The mission of the Transition Manager goes through different axes:
- Analysis of the situation: study of expenses, staff, cash flow, financial structure, company strategy, etc.
- Design of a business recovery plan: the Transition Manager develops solutions to make the business viable.
- Advice to managers: the Transition Manager advises the main stakeholders to define the actions to be taken and the timing to be respected.
- Implementation of the plan: the Transition Manager coordinates the plan (cash management, inventory management, purchasing, logistics), and the conduct of operations, as well as the preparation and conduct of meetings with stakeholders.
- Analysis of the business plan: the Transition Manager assesses, where applicable, the feasibility of the project of a potential buyer.

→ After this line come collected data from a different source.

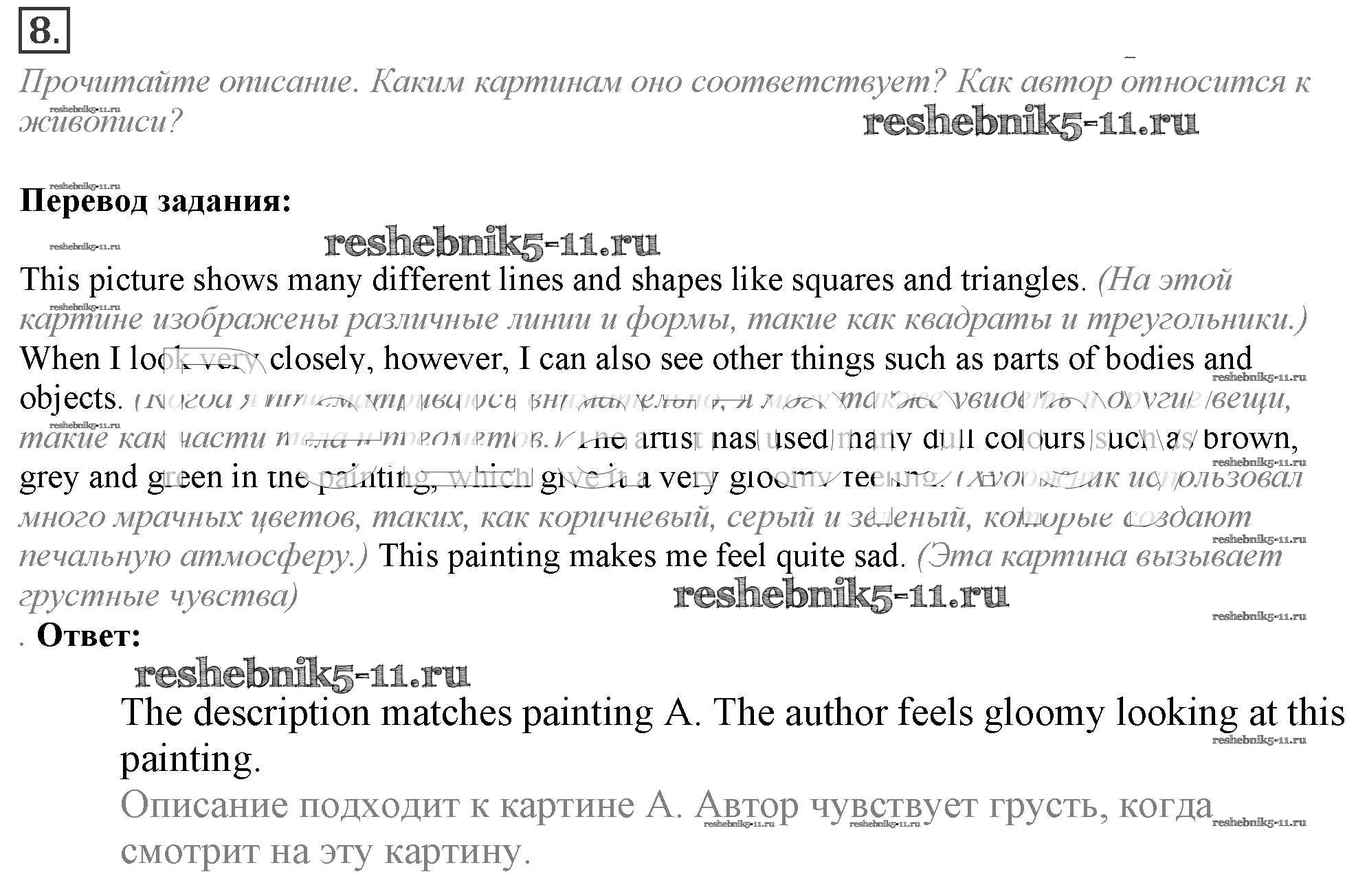 Готовая домашняя работа с ответами по Английскому языку за 9 класс Ваулина, Эванс, Дули, Подоляко Учебник Spotlight Просвещение 2010 ФГОС - Accross the curriculum Art&Design 8
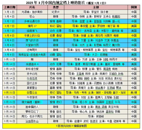2025年仅过了两个月,中国内地影市的年度票房已超过229亿元。3月虽然是淡季,但有上述多部重磅中外影片和《哪吒之魔童闹海》的余威,预计月度票房有望超过去年同期。
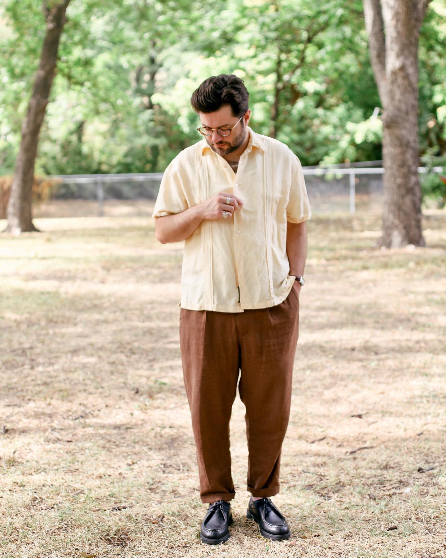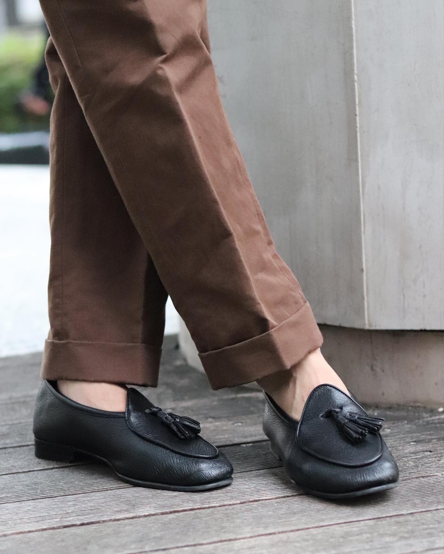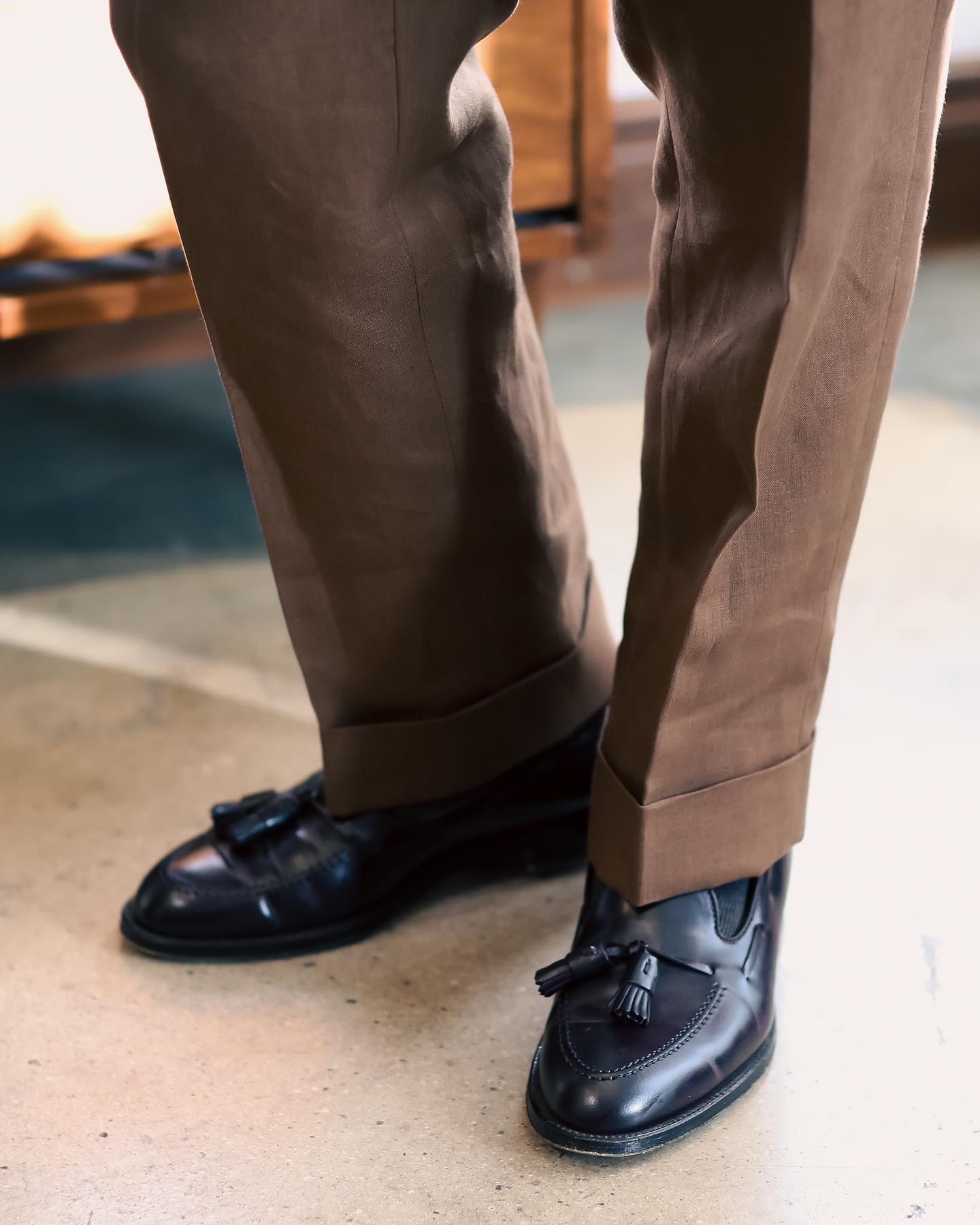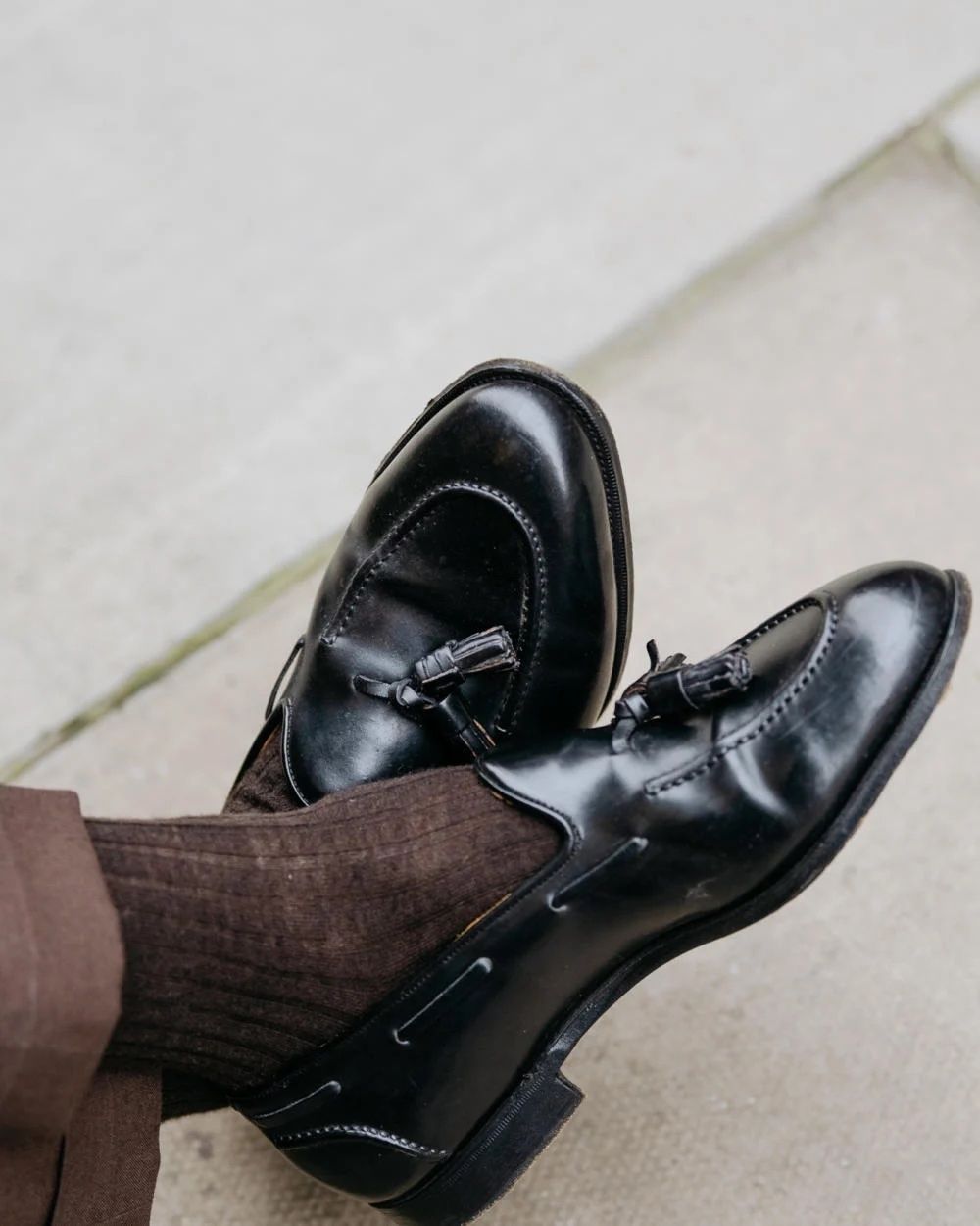 So you've already seen some cases of brown pants with black shoes and vice-versa above. But let's keep going. Some photos focused on the footwear, and even some cases of two-tone footwear that just looks great.
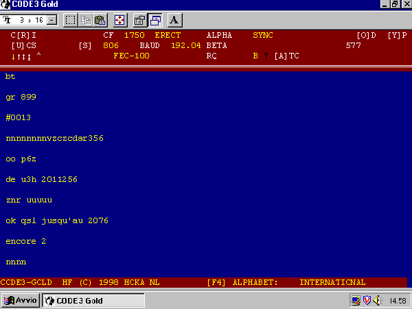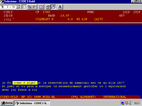 Sistema: Coquelet 8, Velocità 26.6 Baud, Shift 30 Hz
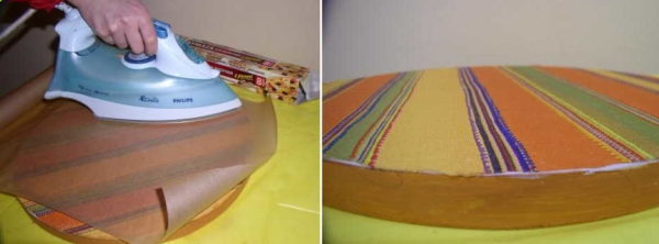На высохшую поверхность укладываем и разравниваем салфетку, приглаживаем ее руками. На нее укладываем кусок бумаги для выпекания и горячим утюгом от края начинаем приглаживать.
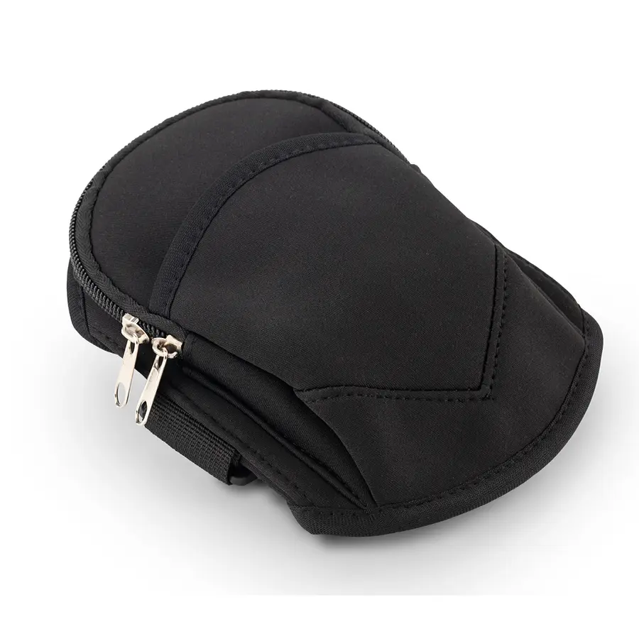 Funda portacelular en Neopreno para uso en el brazo. Un bolsillo externo sin cremallera y un bolsillo con cremallera.
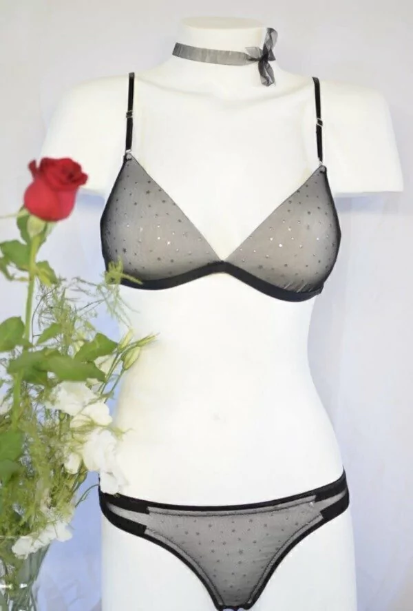 Este conjunto combina dos texturas que se complementan a la perfección: el microtul liviano que aporta transparencia y el toque justo de sensualidad, y la base de microfibra con foil o brillo suave que le da cuerpo y luminosidad.
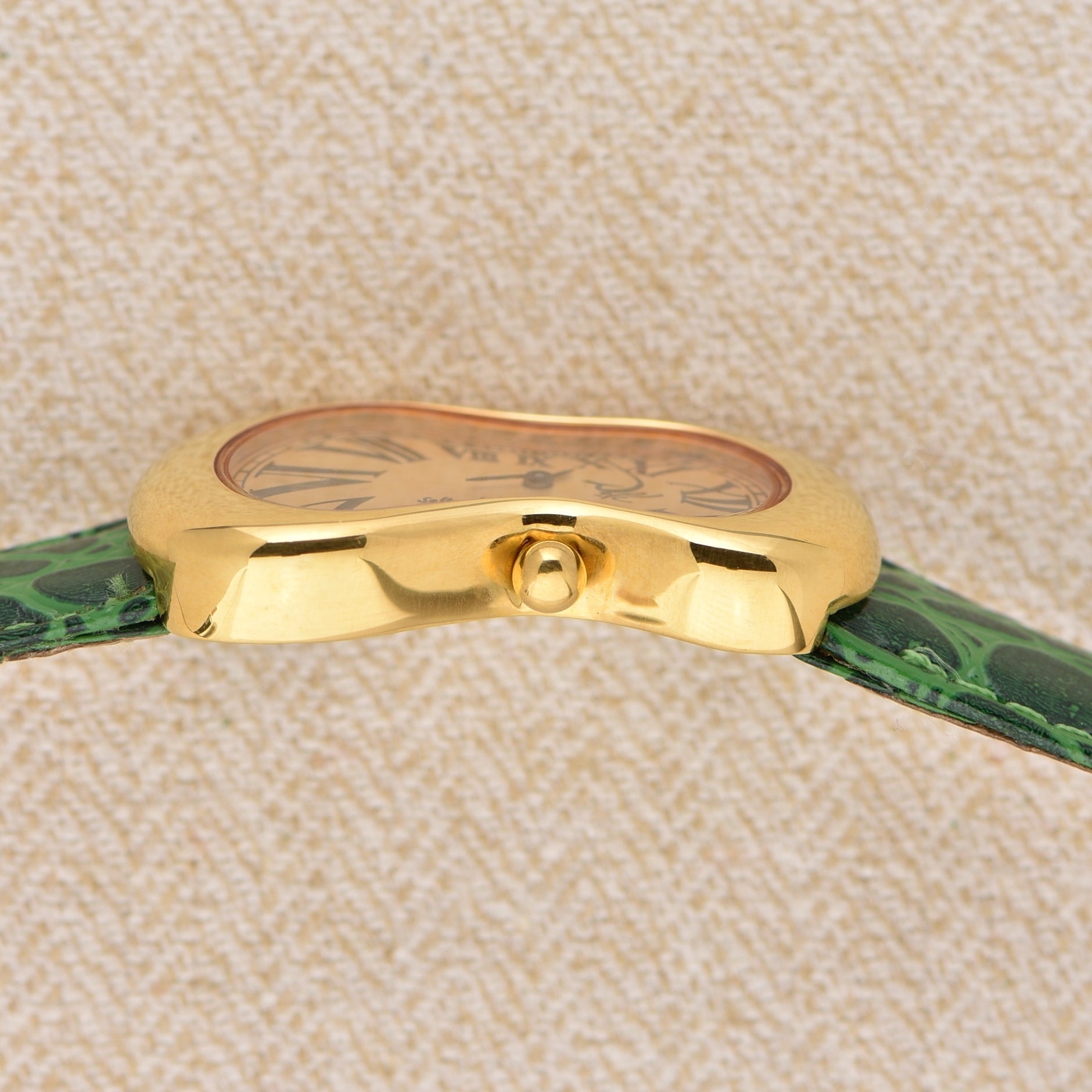 The Softwatch is known for its unique design, with a pear-shaped case and a dial that recalls the typical Cartier dial. It can be with or without writings on the dial, with the Softwatch inscription at six and the "Exaequo" at four on the index. The watch is powered by a quartz movement and comes with a paper box presenting the overall watch, warranty, and a full explanation of everything related to it.
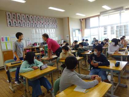 総合的な学習の時間で「保内の安全守り隊!」の学習を進めている5年生です。今日は、なんと防犯協会の方にインタビューをすることができ、保内地区の危険なところや不審者の特徴など、様々なことを教えていただきました。教えていただいたことをもとに学習発表会や今後の学習に生かしていきたいと思います。

- Advice, management and animation of the transformation of the company: the Interim Manager organizes the meetings intended to remove the brakes and to mobilize the actors; he ensures the development of the new strategy and new processes; it steers the implementation of changes.
To set up a relationship between a company and a transition manager to carry out a turnaround plan , the transition management firm must delegate a transition manager with specific performances.
- A successful experience in the field of business turnaround,
- An ability to convince stakeholders,
- Managerial skills (project management, cash management, logistics management, inventory management, implementation of the new strategy and new processes),
- Excellent knowledge of the client company’s market.
A turnaround plan can enable a business to increase profitability and preserve jobs . Managed effectively, this process can even prevent a business from going out of business.